(Source data)
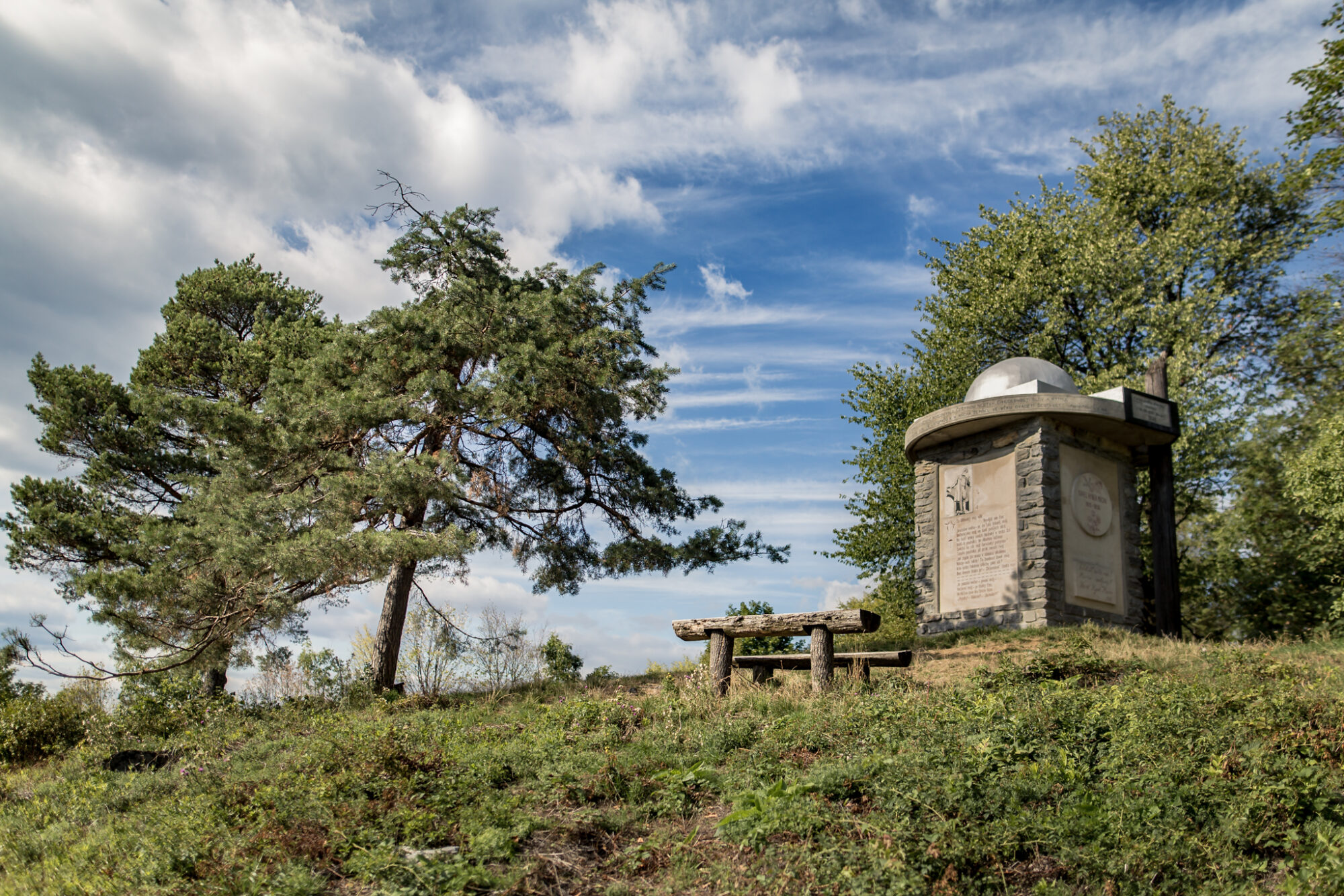 zásad budování Lesnického Slavína byla návrší s dalekou vyhlídkou vybírána pro památníky mimořádně vynikajících osobností, které svou badatelskou
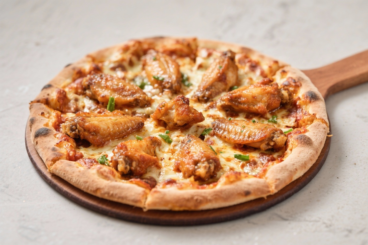 - BBQ Wing Pizza: Swap buffalo sauce for smoky BBQ. Use smoked mozzarella or Gouda, finish with pickled onions and cilantro.
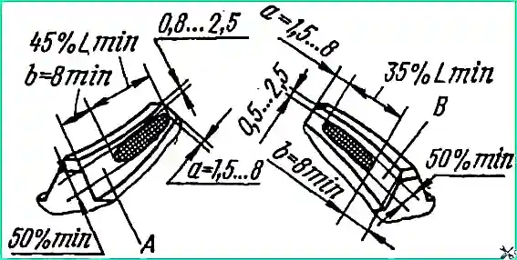 Отпечаток должен располагаться не ближе 5 мм к краям зуба. При этом боковой зазор в зубьях (у широкой части) должен быть 0,1-0,4 мм.
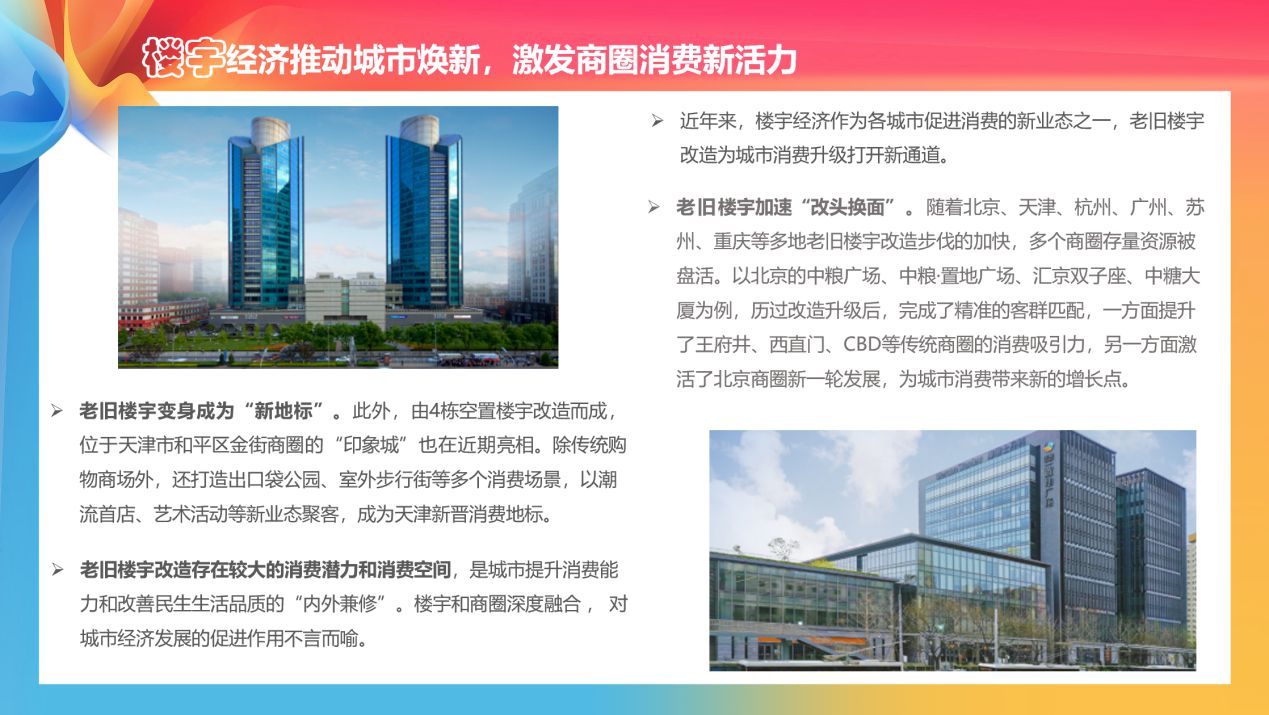 老舊樓宇改造存在較大的消費(fèi)潛力和消費(fèi)空間,是城市提升消費(fèi)能力和改善民生生活品質(zhì)的“內(nèi)外兼修”。《報告》梳理指出,隨著北京、天津、杭州、廣州、蘇州、重慶等多地老舊樓宇改造步伐的加快,多個商圈存量資源被盤活。以北京的中糧廣場、中糧·置地廣場、匯京雙子座、中糖大廈為例,通過舊改提升、輕(中)資產(chǎn)輸出等方式,打造高端商務(wù)地標(biāo),完成了精準(zhǔn)的客群匹配,一方面提升了王府井、西直門、CBD等傳統(tǒng)商圈的消費(fèi)吸引力,另一方面激活了北京商圈新一輪發(fā)展,推動片區(qū)重構(gòu)和能級提升,為城市消費(fèi)帶來新的增長點(diǎn)。
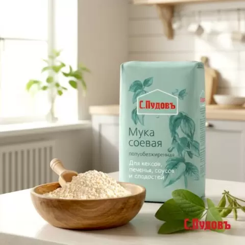 Соевая мука от "С.Пудовъ" обладает насыщенным, слегка ореховым привкусом, который дополнен характерной бобовой ноткой. Она легко объединяется с другими ингредиентами, не «перекрывая» их аромат, а наоборот, добавляя особую изюминку. По сравнению с привычной мукой, соевая имеет более плотную и мелкозернистую структуру. Это качество позволяет ей великолепно впитывать жидкости, создавая однородную массу, что особенно оценят кулинары, стремящиеся достичь идеальной консистенции в выпечке и соусах.

> [Aim of the exercise] Give the records again exactly, without pictures.

> [Answer to the exercise]
 zásad budování Lesnického Slavína byla návrší s dalekou vyhlídkou vybírána pro památníky mimořádně vynikajících osobností, které svou badatelskou
 - BBQ Wing Pizza: Swap buffalo sauce for smoky BBQ. Use smoked mozzarella or Gouda, finish with pickled onions and cilantro.
 Отпечаток должен располагаться не ближе 5 мм к краям зуба. При этом боковой зазор в зубьях (у широкой части) должен быть 0,1-0,4 мм.
 老舊樓宇改造存在較大的消費(fèi)潛力和消費(fèi)空間,是城市提升消費(fèi)能力和改善民生生活品質(zhì)的“內(nèi)外兼修”。《報告》梳理指出,隨著北京、天津、杭州、廣州、蘇州、重慶等多地老舊樓宇改造步伐的加快,多個商圈存量資源被盤活。以北京的中糧廣場、中糧·置地廣場、匯京雙子座、中糖大廈為例,通過舊改提升、輕(中)資產(chǎn)輸出等方式,打造高端商務(wù)地標(biāo),完成了精準(zhǔn)的客群匹配,一方面提升了王府井、西直門、CBD等傳統(tǒng)商圈的消費(fèi)吸引力,另一方面激活了北京商圈新一輪發(fā)展,推動片區(qū)重構(gòu)和能級提升,為城市消費(fèi)帶來新的增長點(diǎn)。
 Соевая мука от "С.Пудовъ" обладает насыщенным, слегка ореховым привкусом, который дополнен характерной бобовой ноткой. Она легко объединяется с другими ингредиентами, не «перекрывая» их аромат, а наоборот, добавляя особую изюминку. По сравнению с привычной мукой, соевая имеет более плотную и мелкозернистую структуру. Это качество позволяет ей великолепно впитывать жидкости, создавая однородную массу, что особенно оценят кулинары, стремящиеся достичь идеальной консистенции в выпечке и соусах.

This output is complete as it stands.